(Records from a dataset)
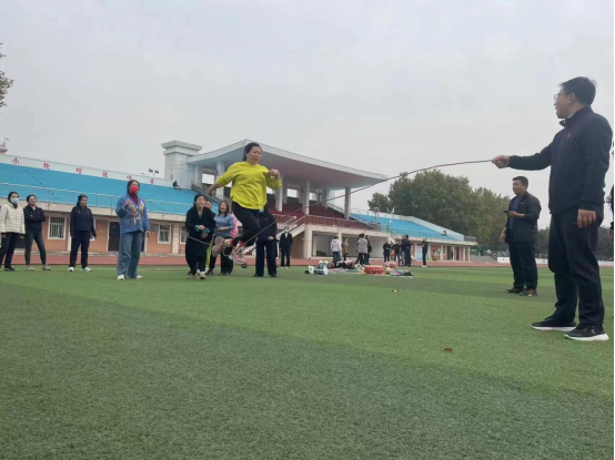 活动二:集体跳大绳,每个教研室10位老师,两人甩绳,8人轮流跳绳,3分钟内计总个数,个数多着获胜。
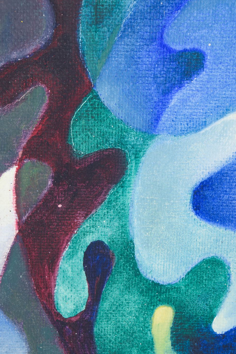 Abstract painting with organic, flowing forms and overlapping colour fields executed in oil on board, signed.
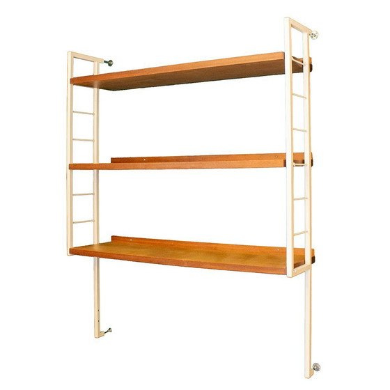 Mensola da parete Mid-Century degli anni '50. Struttura in ferro beige chiaro e 3 ripiani in legno impiallacciato in teak. I ripiani sono semi-modulari; possono essere posizionati a diverse altezze e poi fissati alla parete con 3 viti.
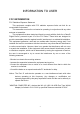 INFORMATION TO USER FCC INFORMATION FCC Radiation Exposure Statement This equipment complies with FCC radiation exposure limits set forth for an uncontrolled environment. This transmitter must not be co-located or operating in conjunction with any other antenna or transmitter. The equipment has been tested and found to comply with the limits for a Class B Digital Device, pursuant to part 15 of the FCC Rules.
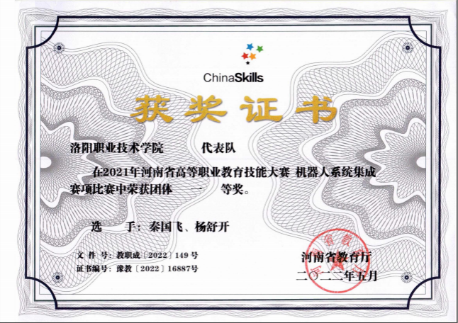 围绕洛阳市装备制造产业智能化发展的需求,助力洛阳中原城市群副中心城市建设,结合洛阳市现代产业体系建设要求,我院于2016年开设了工业机器人技术专业,2021年获批洛阳市职业院校高水平专业群智能制造专业群。
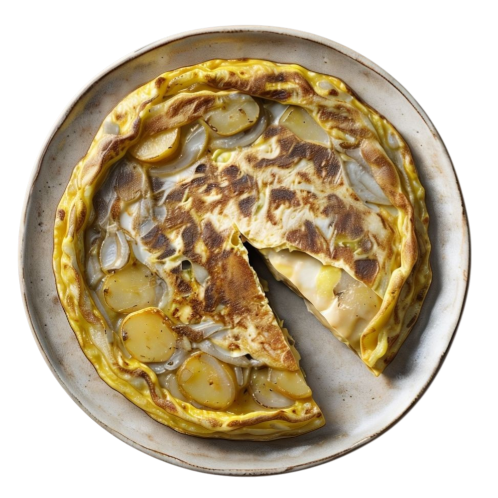 A classic Spanish omelette made with fresh eggs, tender potatoes, and caramelized onions, slowly cooked to achieve a soft, juicy texture with a lightly golden exterior. Each bite reveals a perfect balance of creaminess and traditional flavor, evoking the essence of home and simplicity in a dish full of warmth and comfort.
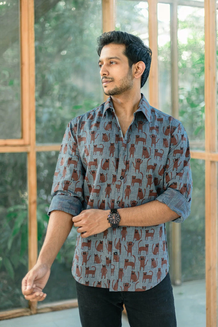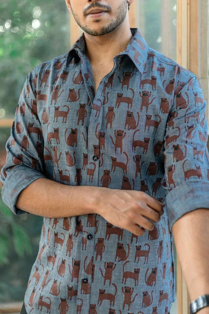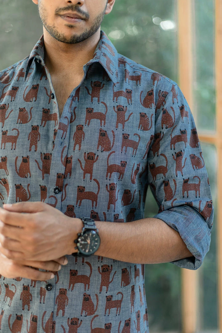 This Wabi Sabi Co. creation is a soft denim shirt with quirky cat print all over, perfect for a party shirt or a fun evening with your clan!
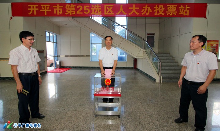 当天上午,在开平市第25选区市行政大楼中心会场投票站,市领导黄耀雄、庞正华、李沃华、陈军凯、谭良发、梁民跃、简锦聪、何武健、关位湛参加了投票。
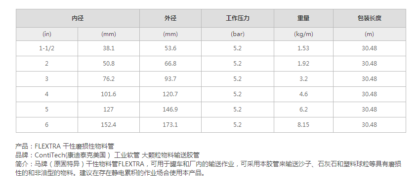 本產品是一種具有靜電放電性和靜電傳導性的膠管,可用于罐車和廠內的輸送作業,可采用本膠管來輸送沙子、石灰石和塑料球粒等具有磨損性的和非油型的物料。建議在存在靜電累積的作業場合使用本產品。
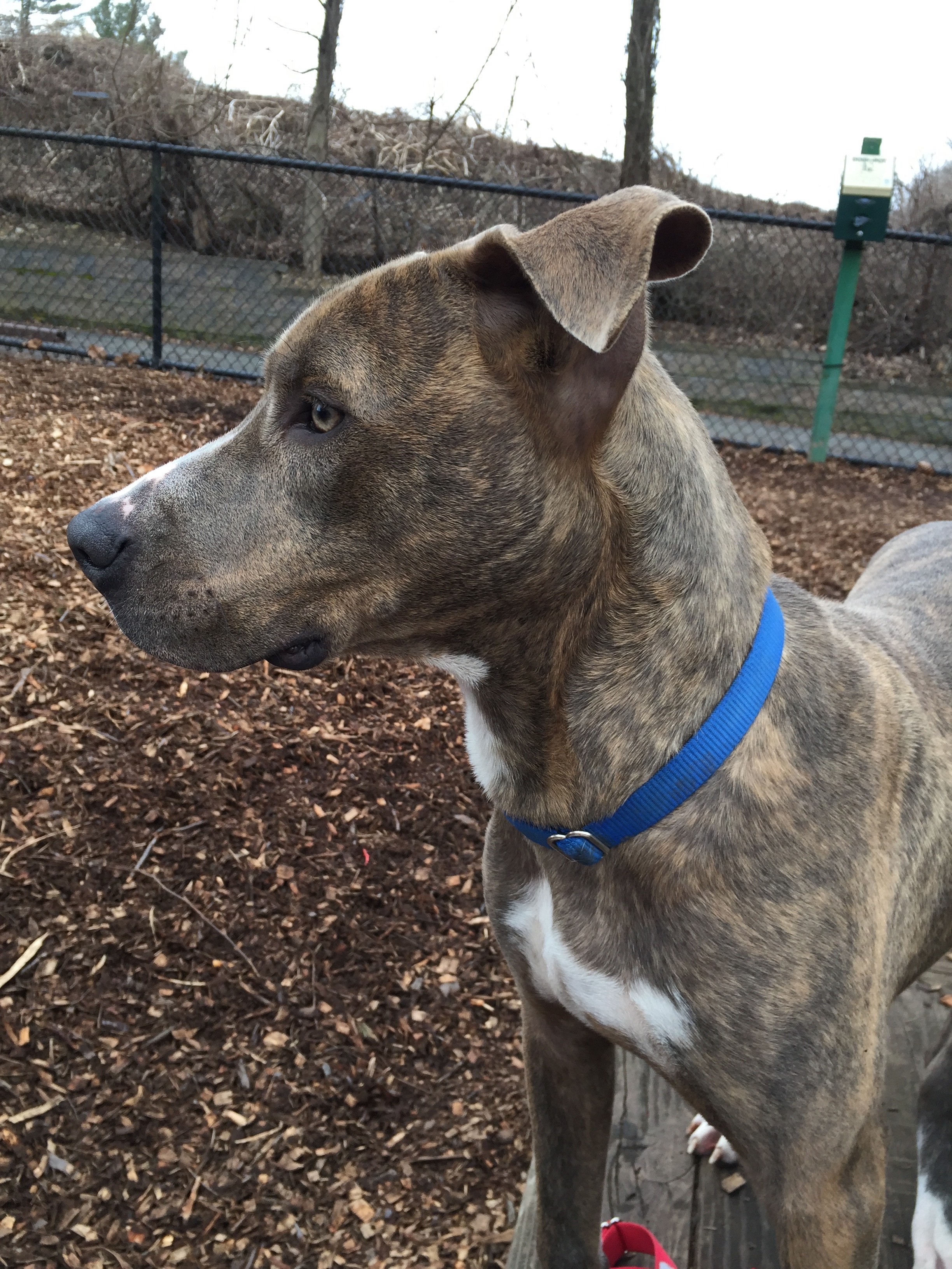 is an beautiful boy, about 8 months old and 35 lbs. He is very sweet, friendly and gentle. Loves all people and other dogs. He go to the dog park every day and loves to play with other dogs. He is still a puppy and will need some training, but is very smart and eager to please. Please fill out an adoption application.
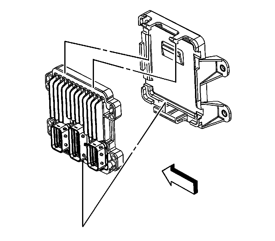 4. Set the PCM into the bottom retainer on the bracket and push the PCM rearward, engaging the 2 top retainers.

PROBLEM TO SOLVE: Copy out the records exactly. Do not include the pictures.

ANSWER SECTION:
 活动二:集体跳大绳,每个教研室10位老师,两人甩绳,8人轮流跳绳,3分钟内计总个数,个数多着获胜。
 Abstract painting with organic, flowing forms and overlapping colour fields executed in oil on board, signed.
 Mensola da parete Mid-Century degli anni '50. Struttura in ferro beige chiaro e 3 ripiani in legno impiallacciato in teak. I ripiani sono semi-modulari; possono essere posizionati a diverse altezze e poi fissati alla parete con 3 viti.
 INFORMATION TO USER FCC INFORMATION FCC Radiation Exposure Statement This equipment complies with FCC radiation exposure limits set forth for an uncontrolled environment. This transmitter must not be co-located or operating in conjunction with any other antenna or transmitter. The equipment has been tested and found to comply with the limits for a Class B Digital Device, pursuant to part 15 of the FCC Rules.
 围绕洛阳市装备制造产业智能化发展的需求,助力洛阳中原城市群副中心城市建设,结合洛阳市现代产业体系建设要求,我院于2016年开设了工业机器人技术专业,2021年获批洛阳市职业院校高水平专业群智能制造专业群。
 A classic Spanish omelette made with fresh eggs, tender potatoes, and caramelized onions, slowly cooked to achieve a soft, juicy texture with a lightly golden exterior. Each bite reveals a perfect balance of creaminess and traditional flavor, evoking the essence of home and simplicity in a dish full of warmth and comfort.
 This Wabi Sabi Co. creation is a soft denim shirt with quirky cat print all over, perfect for a party shirt or a fun evening with your clan!
 当天上午,在开平市第25选区市行政大楼中心会场投票站,市领导黄耀雄、庞正华、李沃华、陈军凯、谭良发、梁民跃、简锦聪、何武健、关位湛参加了投票。
 本產品是一種具有靜電放電性和靜電傳導性的膠管,可用于罐車和廠內的輸送作業,可采用本膠管來輸送沙子、石灰石和塑料球粒等具有磨損性的和非油型的物料。建議在存在靜電累積的作業場合使用本產品。
 is an beautiful boy, about 8 months old and 35 lbs. He is very sweet, friendly and gentle. Loves all people and other dogs. He go to the dog park every day and loves to play with other dogs. He is still a puppy and will need some training, but is very smart and eager to please. Please fill out an adoption application.
 4. Set the PCM into the bottom retainer on the bracket and push the PCM rearward, engaging the 2 top retainers.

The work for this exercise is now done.